Backup agents use a shared work queue stored in FDB. The queue stores tasks under different priorities. The agents use FDB transactions to “claim” a task exclusively for execution. That claim times out after a period, so while an agent is executing task it routinely extends its claim, again with an FDB transaction. If the agent fails, it will no longer extend its task ownership claim. Another agent will then notice this (all agents check occasionally for expired task claims) and transactionally return the task to an executable state.

A Backup begins as a single task, and its execution creates other tasks transactionally with its completion, and those tasks do the same. Some tasks that represent large amounts of work are split into many smaller tasks representing the same work in aggregate. Tasks are not “pre”-assigned to agents. Each agent has a number of task slots, determined by a knob, and when an agent has a free task slot it will look for work to claim as described above. The order in which tasks are claimed by agents for execution is random within a priority level.

To be clear, the part that is changing is how mutations are written to the backup.
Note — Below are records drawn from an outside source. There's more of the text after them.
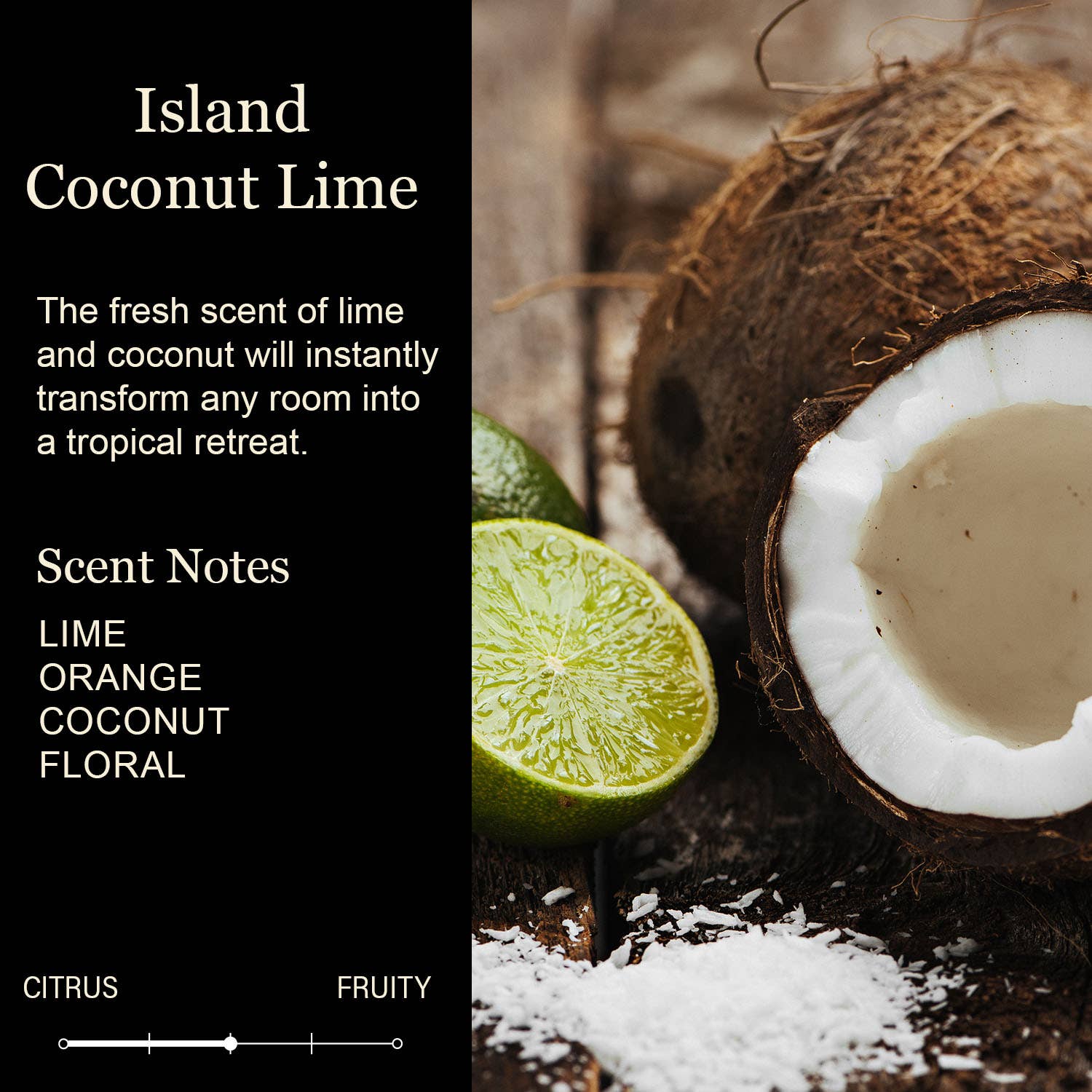 SCENT: #18 Coconut Lime. The fresh scent of lime and coconut will instantly transform any room into a tropical retreat.
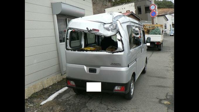 脱落したタイヤに巻き込まれた人はおらず、けが人はいませんが、タイヤが衝突した車は天井部分が激しく破損しました。
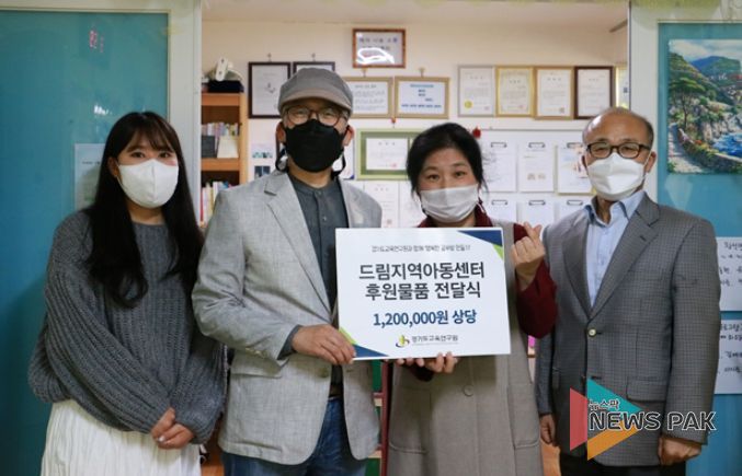 뉴스팍 이지율 기자 | 경기도교육연구원(원장 이수광)은 3일 지역아동센터를 이용하는 어린이들을 지원하기 위해 수원 ‘드림지역아동센터’를 방문하여 ‘행복한 공부방 만들기’ 후원 캠페인을 진행했다.
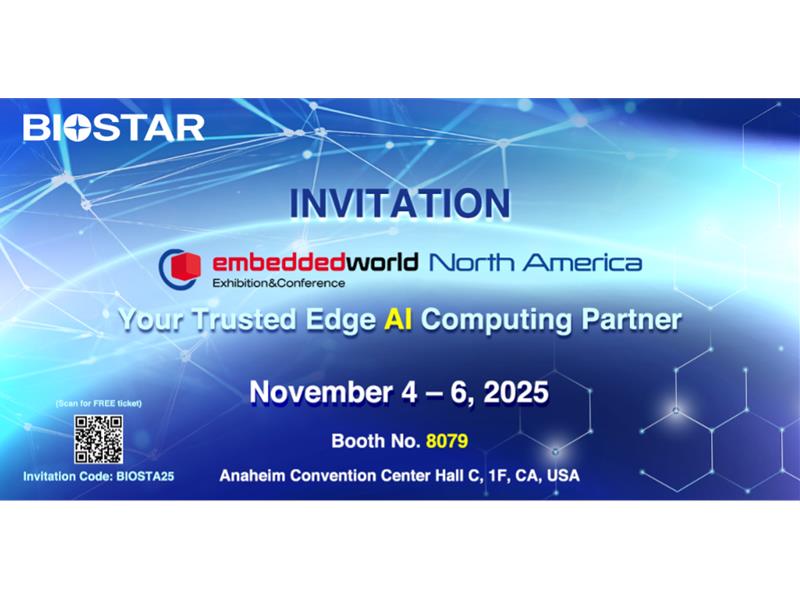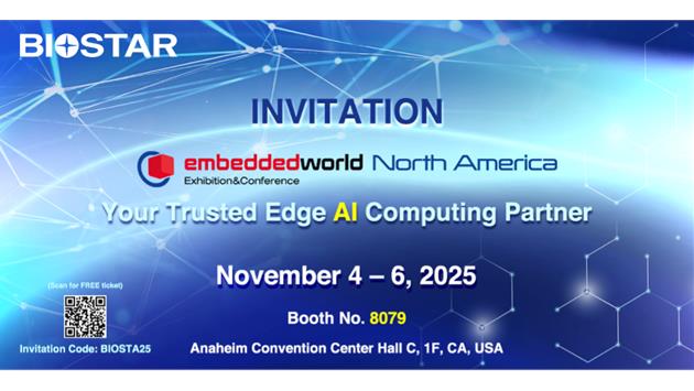 BIOSTAR, a leading manufacturer of edge computing solutions, industrial motherboards, graphics cards, and storage devices, is excited to announce its participation in Embedded World North America 2025, taking place from November 4-6, 2025, at the Anaheim Convention Center Hall C, CA, USA, Booth No. 8079.

Instead of the backup tasks writing the mutations themselves, one of the initial backup tasks will essentially configure a new database feature where the database will recruit “backup worker” roles and stream mutation logs more efficiently to a backup destination URL until it is told, by another backup task, to stop.

Everything else (backup start/stop/abort/pause, key range snapshots and metadata written to backup) remains the same.
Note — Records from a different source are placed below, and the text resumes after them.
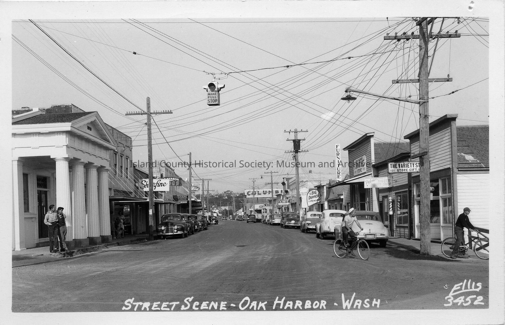 This postcard shows the intersection of what is now Pioneer Way and Dock Street. However at the time of the photo, the streets were likely named Main Street or Barrington Street and Bank Street, respectievly. There are a number of power lines all over the street and at the intersection there is a stop light that reads, "Make Full Stop." The bank can be seen on the left with four large columns. Other stores visible are the Variety Store, a furniture store, Big Dipper Lunches, Fredericks Cafe, Columbia, Sh_rfine, Oak Harbor Drugs, etc. Two men are leaning against the first column on the bank and two men are biking through the intersection. Written on the phot is "Street Scene- Oak Harbor- Wash Ellis 3452."Made/Created
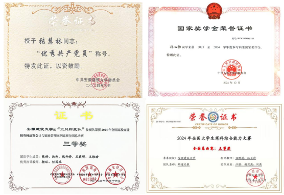 2024年,支部党员张慧林获评2024年度校优秀共产党员;支部书记金三人获评校优秀教育工作者、三全育人先进个人,获批2024年校党建与思想政治工作重点课题1项;支部1名党员获得国家奖学金,1名党员获得校年度标兵,3名党员获得国家励志奖学金,11名党员获得校奖学金,13名党员获得校三好学生、优秀学生干部等各类表彰,20余人次在省级以上学科竞赛中获奖;支部通过座谈会、QQ群、微信群等线上和线下沟通平台,及时了解、听取、回应大学生意见诉求,进一步提升服务师生质效。近三年,支部47名毕业生党员中,共有29名考取研究生,录取率达61.7%,学生党员就业率100%。
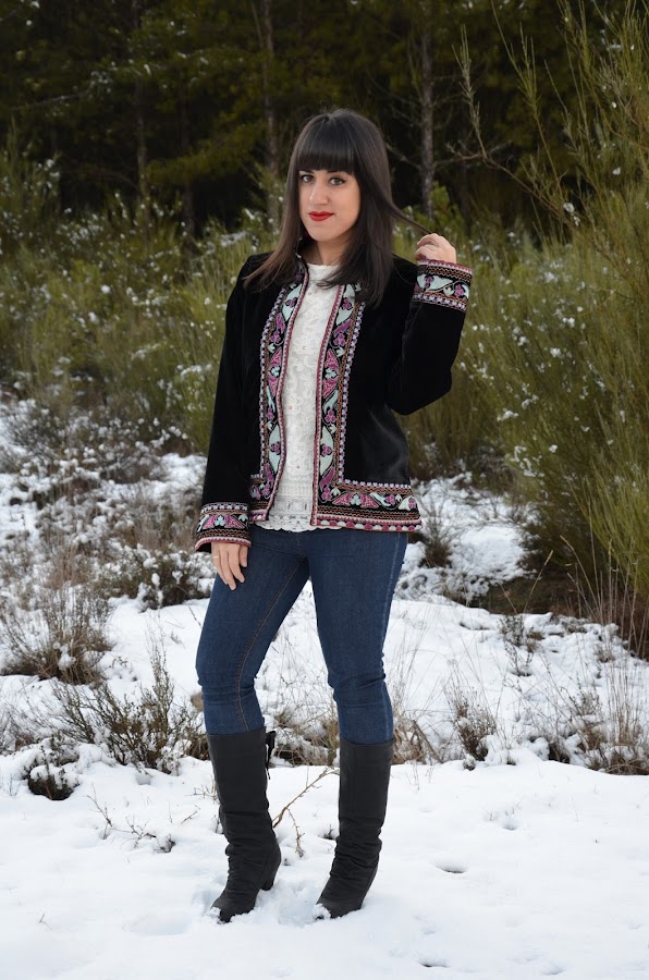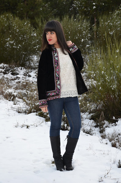 He estado esperando y esperando y cuando iba a desistir al fin nevó y así os puedo enseñar la preciosidad de chaqueta de Savage Culture de la colección otoño-invierno con una bonita estampa invernal.
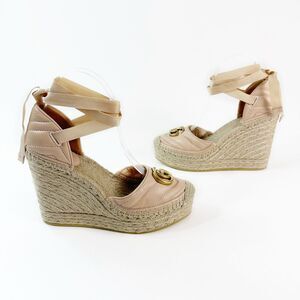 GUCCI Matelasse Leather Platform Wedge Size 38.5 US 8.5 Espadrille Heels Quilted Blush Pink Nude Beige
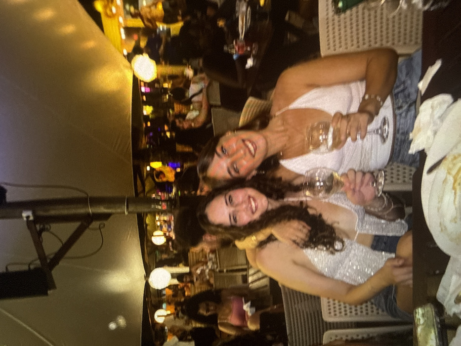 This image displays two young adult females posing for a photograph in a crowded outdoor or semi-outdoor restaurant or bar located in Cairu, Brazil, at night. The female on the left, possessing long, dark, curly hair, is wearing a light-colored, possibly sequined, halter-neck top and denim shorts. Her right arm is around the shoulder of the female on the right. She holds a wine glass containing a clear liquid in her left hand. The female on the right, with medium-length brown hair, wears a light-colored halter-neck top and light-wash denim shorts, holding a wine glass with a clear liquid in her right hand. Both individuals are smiling towards the camera. On the dark table in the immediate foreground, a plate with food residue and crumpled white napkins is visible. The background reveals numerous blurred patrons seated at various tables, indicating a busy environment. The area is illuminated by warm artificial lighting, including spherical white lamps and multi-colored lights. Overhead, a large, light-colored canopy or tent structure is visible, supported by a central pole. A male figure's back and shoulder are discernible between the two foreground subjects. Further into the background, a female in a pink top is seated, and a person in a yellow shirt is partially visible in the far right, possibly on an elevated platform.

Quite interesting algorithm for parallelism in backup/restore!

I figure, since KV pairs in FDB are more independent from each other than rows/tables in a relational db, which has rich data integrity constraints, we can have more flexibility and creativity for parallel ops. Is that right?

I did one preliminary test with multiple backup nodes, but one of nodes erred. Describing the backup returns “restorable”. From the info you provided, I’ll try testing to restore it.

Thank you.

Yes, we need to improve the description around the “recent errors” output. They do not mean necessarily that anything is “wrong”, just that errors did occur during execution. The errors are only a problem if they are happening constantly and the backup is not making any progress.

Not quite, no. When you restore a backup in FDB, you restore to a specific version and the entire key space that was backed up, all keys and values, are restored to that version. Keys and values from different parts of the keyspace are no more independent than, say, a set of tables or indexes in a relational model that are all restored to a specific consistent version.